Linz - Es gibt Legenden, in denen Alchemisten und Mystikerinnen die Fähigkeit besitzen, Exkremente in Gold zu verwandeln. Jedoch bleibt es auch im Jahr 2011 ein Traum, aus Mist Geld zu machen. Deutsche Studenten haben es zwar bereits geschafft, Fäkalien durch Karbonisierung in Biokohle zu verwandeln, die sich als Düngemittel eignet. Aber noch schräger mutet es an, wenn Kot plötzlich nicht mehr mit Verschmutzung, sondern Reinigung in Verbindung gebracht wird.
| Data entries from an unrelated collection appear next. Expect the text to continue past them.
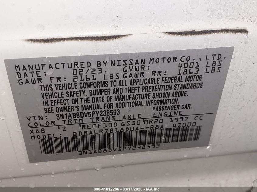 2023 NISSAN SENTRA 2023 року Бензин, 2.0, Передний привод, vin - 3N1AB8DV5PY****** из США
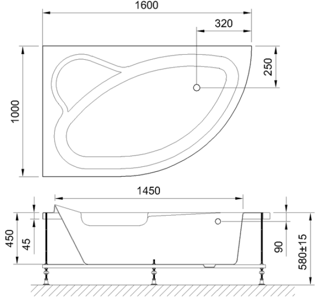 Акриловая угловая ванна ALPINE 160x100x58 имеет ассиметричную форму с четкими линиями изгибов что позволяет ей отлично гармонировать практически в любом интерьере. Анатомическая, округлая форма чаши позволяет комфортно разместиться в ней одному человеку, а диагональное расположение позволяет разместить в углу просторное сидение.
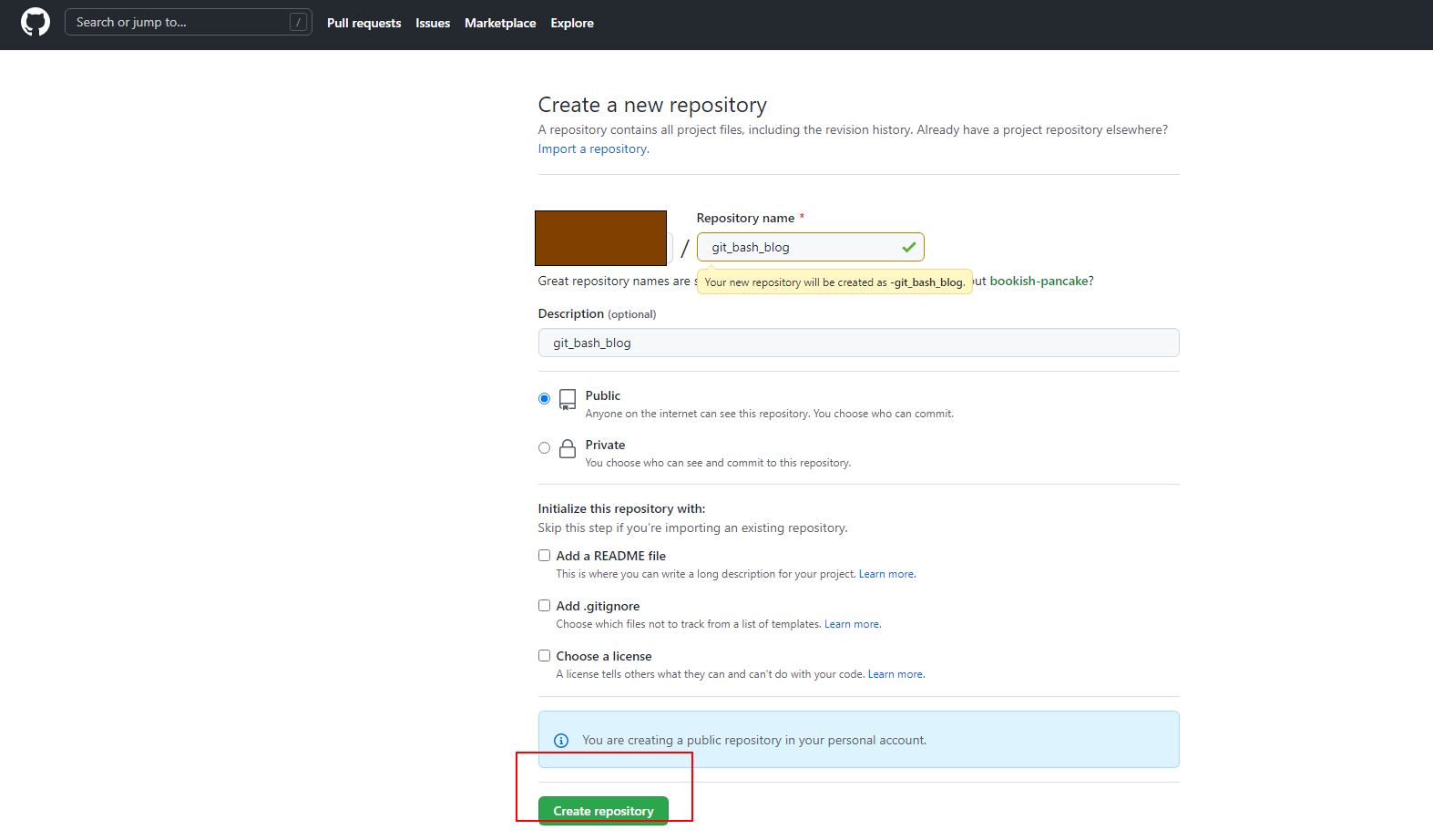 Create repository 클릭
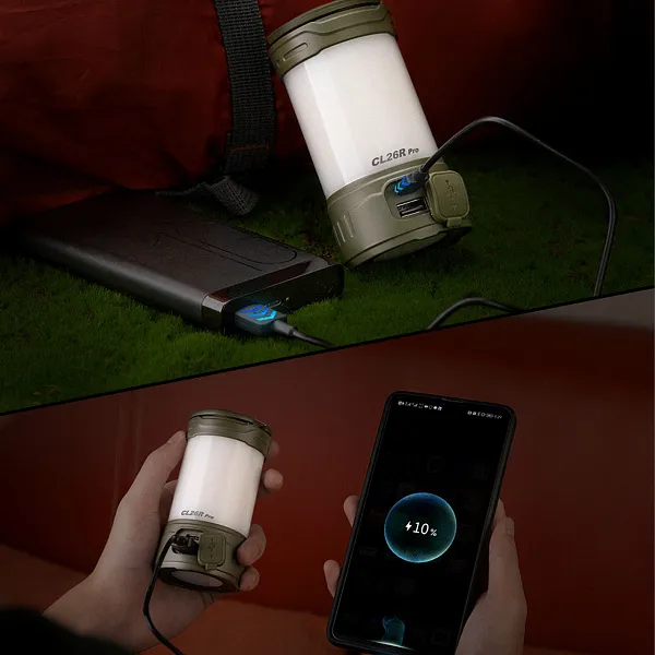 Кемпинговый фонарь Fenix CL26R Pro - светодиодный перезаряжаемый фонарь для кемпинга и походов на светодиодах нейтрально-белого цвета и дополнительного красного цвета максимальной мощностью 650 люмен.Управление фонарем осуществляется по средству думблера, чтобы выбрать девять различных режимов освещения, включая максимум 500 люменов, которые могут освещаться на 360 ° на расстоянии до 15 метров. В комплекте с фонарем поставляется аккумулятор 21700 Fenix ARB-L21-5000 V2.0 5000 мАч и USB шнур Type-C для зарядки аккумулятора через встроенный порт USB, который защищен резиновой заглушкой и оснащен индикацией заряда аккумуляторной батареи. Фонарь оснащен встроенной петлей для подвеса фонаря, а так же удобным магнитным креплением. Идеально подходит для военных, правоохранительных органов, охоты, туризма, поисковых и спасательных работ. Имеется магнит для крепления к железным поверхностям.
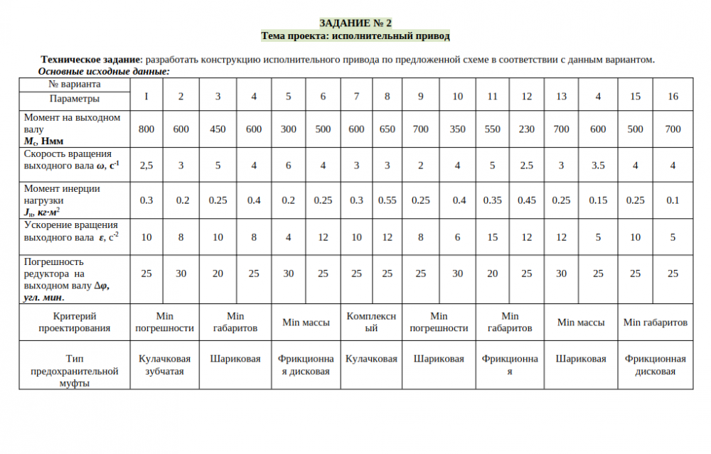 ДЗ 1: Исполнительный привод - Расчет двигателя + Компоновка вариант 11
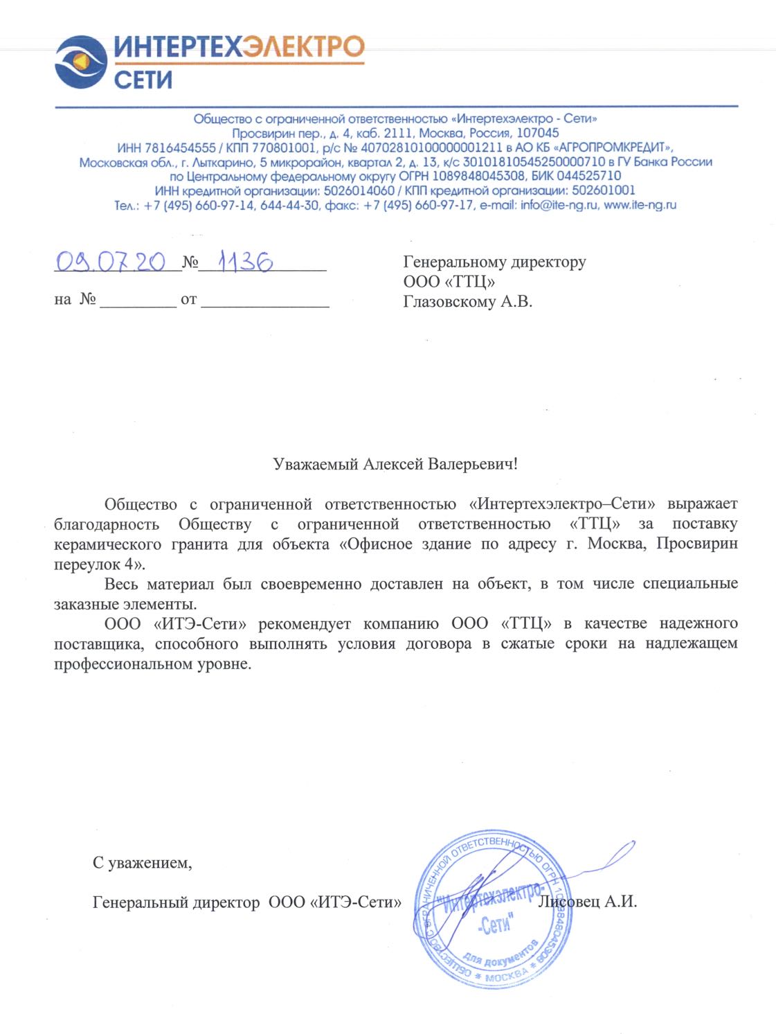 "ООО "ИТЭ-Сети" рекомендует компанию ООО "ТТЦ" в качестве надежного поставщика, способного выполнять условия договора в сжатые сроки на надлежащем профессиональном уровне"
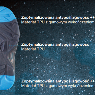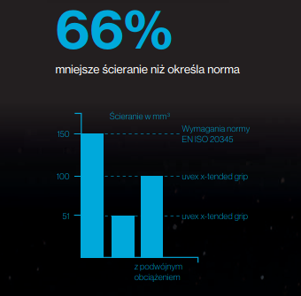Technologia uvex x-tended grip oparta na podeszwie zewnętrznej z TPU najnowszej generacji gwarantuje jeszcze lepszą wydajność dzięki odporności na ścieranie i poślizg na gładkich lub mokrych podłogach. Rezultat: większa stabilność i bezpieczeństwo użytkownika podczas chodzenia. Mniejsze zużycie, a tym samym niższe koszty dzięki dłuższej żywotności.
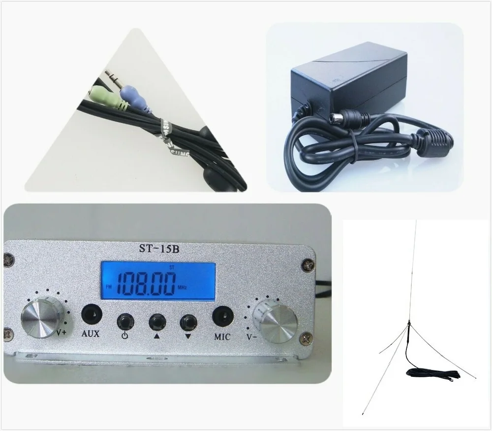 Система фазового замка (PLL) Мощность: 1,5 W/15W V2: диапазон Frenquency: 87-108 МГц1,5 W/15W Посылка включает: 1 X fm-передатчик 15 Вт 1 x источник питания 1 x Антенна GP1 с кабелем 15 метров 1X стерео аудио 3,5 Кабель (1,5 м)
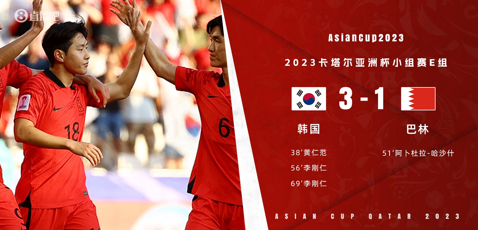 最终,韩国3-1巴林。
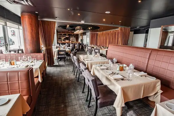 Bold and expansive, the interior of chef-owner Michael Symon's venture affords floor-to-ceiling views of Washington and State Streets and a huge rotisserie revolving next to the dining room. — Gayot
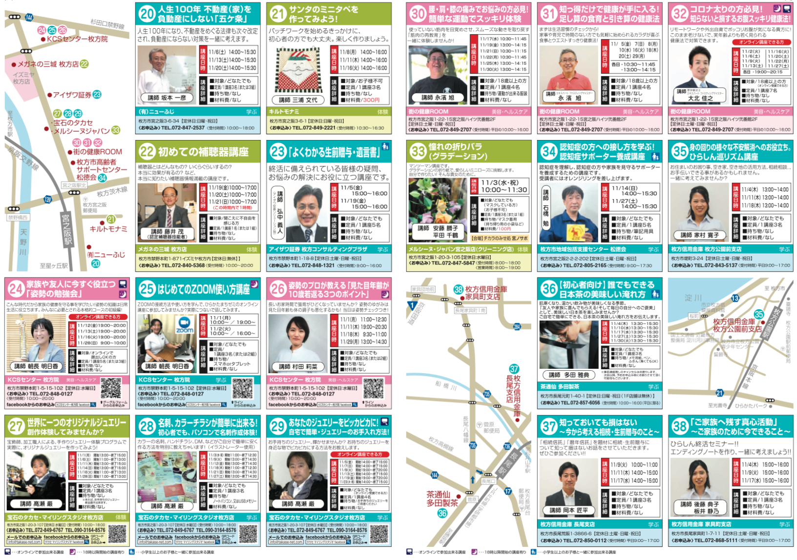 受付時間は各講座によって異なります。詳細はあとにある各お店の案内をご覧下さい。

Dieses wundersame Szenario hat sich der belgische Künstler Tuur Van Balen ausgedacht und wurde dafür beim Prix Ars Electronica in der Kategorie Hybrid Art ausgezeichnet; eines von zahlreichen Projekten, die jedes Jahr im Rahmen der Preisträgerausstellung Cyber Arts im OK (Offenes Kulturhaus) präsentiert werden.

Van Balens wichtigste Mitspieler sind Tauben, die als "fliegende Ratten" in Großstädten oft üble Nachrede genießen. Mithilfe von "Biobricks" wird jedoch im Darm der verschrienen Vögel der pH-Wert verringert und die Bakterien werden dazu angeregt, ein fettabbauendes als Scheibenputzmittel geeignetes Enzym zu produzieren.

Darüber hinaus designte er Taubenschläge für das Fensterbrett und eine Landevorrichtung für Autos, damit die Tauben ihre reinigendes Gut auf der Windschutzscheibe verteilen können.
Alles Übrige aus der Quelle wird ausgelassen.